TASK INPUTS:
*** Block opens ***

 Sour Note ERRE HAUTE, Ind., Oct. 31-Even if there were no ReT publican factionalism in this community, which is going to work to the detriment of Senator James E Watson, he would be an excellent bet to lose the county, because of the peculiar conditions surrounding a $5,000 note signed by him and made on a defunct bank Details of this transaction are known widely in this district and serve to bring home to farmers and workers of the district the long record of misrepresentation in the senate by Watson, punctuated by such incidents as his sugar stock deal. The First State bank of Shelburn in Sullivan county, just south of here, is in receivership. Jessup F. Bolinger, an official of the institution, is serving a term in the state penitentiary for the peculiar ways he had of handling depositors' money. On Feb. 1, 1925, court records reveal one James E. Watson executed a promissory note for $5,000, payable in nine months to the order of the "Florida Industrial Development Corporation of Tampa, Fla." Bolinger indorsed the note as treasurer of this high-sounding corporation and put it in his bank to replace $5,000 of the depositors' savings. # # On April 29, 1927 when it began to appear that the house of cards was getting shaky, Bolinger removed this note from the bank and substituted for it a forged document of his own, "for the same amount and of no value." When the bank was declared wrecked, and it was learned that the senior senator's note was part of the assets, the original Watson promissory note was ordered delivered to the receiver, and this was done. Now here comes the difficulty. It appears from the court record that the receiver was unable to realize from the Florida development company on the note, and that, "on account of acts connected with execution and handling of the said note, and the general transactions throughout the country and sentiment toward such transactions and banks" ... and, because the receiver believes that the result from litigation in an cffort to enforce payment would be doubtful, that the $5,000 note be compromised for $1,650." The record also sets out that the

*** Block closes ***
*** Block opens ***

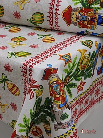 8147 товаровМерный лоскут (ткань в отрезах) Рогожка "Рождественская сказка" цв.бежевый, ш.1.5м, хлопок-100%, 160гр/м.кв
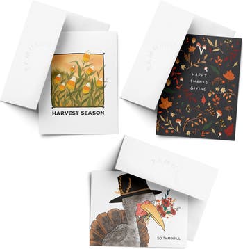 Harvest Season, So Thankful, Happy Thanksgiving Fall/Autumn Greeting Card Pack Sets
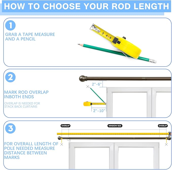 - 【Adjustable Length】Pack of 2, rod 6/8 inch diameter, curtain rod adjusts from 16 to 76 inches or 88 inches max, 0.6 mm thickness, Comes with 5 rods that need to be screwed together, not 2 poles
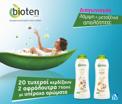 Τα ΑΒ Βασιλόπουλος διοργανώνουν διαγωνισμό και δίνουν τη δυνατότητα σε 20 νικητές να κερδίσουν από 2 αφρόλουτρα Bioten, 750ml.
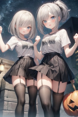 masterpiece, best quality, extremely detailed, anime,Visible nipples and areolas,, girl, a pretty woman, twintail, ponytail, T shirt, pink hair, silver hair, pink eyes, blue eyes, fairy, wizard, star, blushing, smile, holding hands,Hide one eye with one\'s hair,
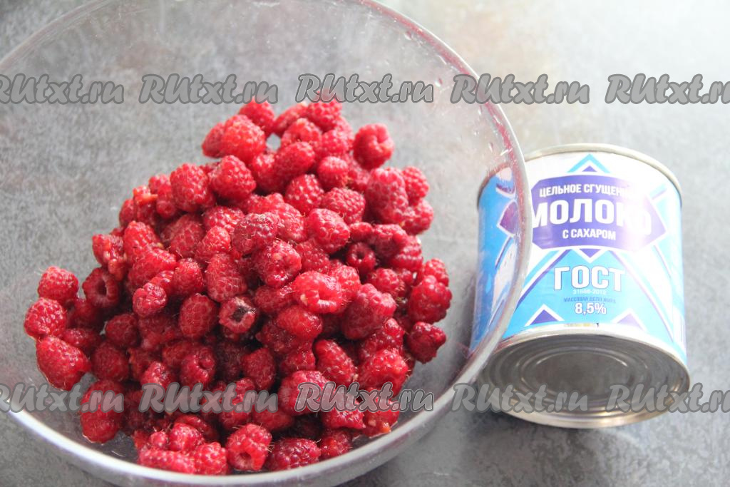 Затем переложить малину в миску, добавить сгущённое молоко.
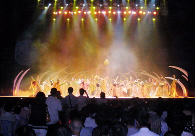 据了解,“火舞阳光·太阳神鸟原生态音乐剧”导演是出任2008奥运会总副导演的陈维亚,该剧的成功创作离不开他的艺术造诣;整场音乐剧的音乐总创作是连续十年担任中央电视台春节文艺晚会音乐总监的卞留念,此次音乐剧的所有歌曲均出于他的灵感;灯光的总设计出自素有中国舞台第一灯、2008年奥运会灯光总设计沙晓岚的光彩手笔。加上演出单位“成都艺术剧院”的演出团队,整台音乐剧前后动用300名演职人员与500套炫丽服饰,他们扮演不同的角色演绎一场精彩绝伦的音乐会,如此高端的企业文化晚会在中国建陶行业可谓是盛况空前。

*** Block closes ***
*** Block opens ***

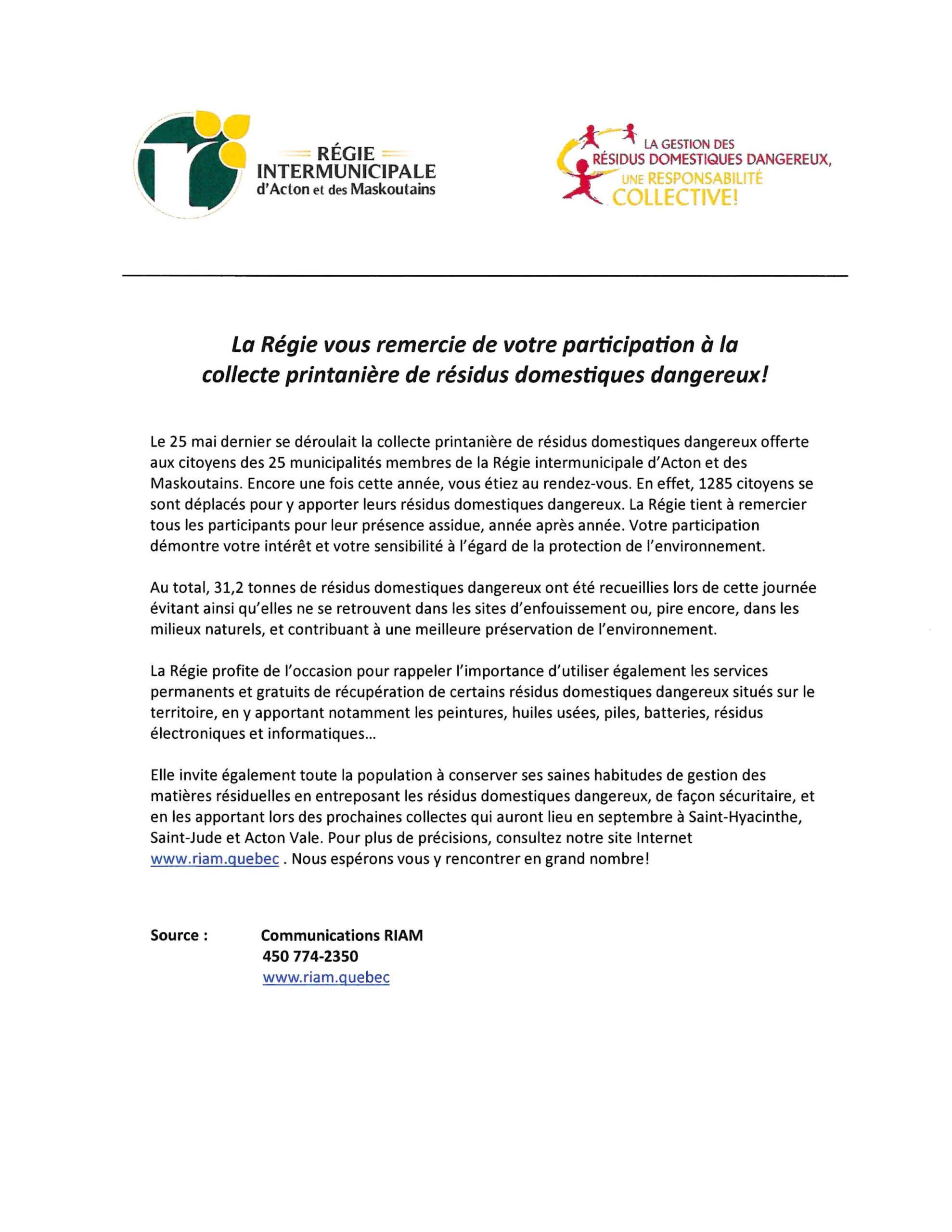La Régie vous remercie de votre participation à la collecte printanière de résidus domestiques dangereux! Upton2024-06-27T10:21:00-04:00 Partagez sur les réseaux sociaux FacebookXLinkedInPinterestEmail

*** Block closes ***

EXERCISE AIM:
Would you please repeat only the lines above, beginning at the one that has "- 【Adjustable Length】Pack" and stopping after the one that has "Затем переложить малину", exactly and with no pictures?

OUTPUT OF THE TASK:
 - 【Adjustable Length】Pack of 2, rod 6/8 inch diameter, curtain rod adjusts from 16 to 76 inches or 88 inches max, 0.6 mm thickness, Comes with 5 rods that need to be screwed together, not 2 poles
 Τα ΑΒ Βασιλόπουλος διοργανώνουν διαγωνισμό και δίνουν τη δυνατότητα σε 20 νικητές να κερδίσουν από 2 αφρόλουτρα Bioten, 750ml.
 masterpiece, best quality, extremely detailed, anime,Visible nipples and areolas,, girl, a pretty woman, twintail, ponytail, T shirt, pink hair, silver hair, pink eyes, blue eyes, fairy, wizard, star, blushing, smile, holding hands,Hide one eye with one\'s hair,
 Затем переложить малину в миску, добавить сгущённое молоко.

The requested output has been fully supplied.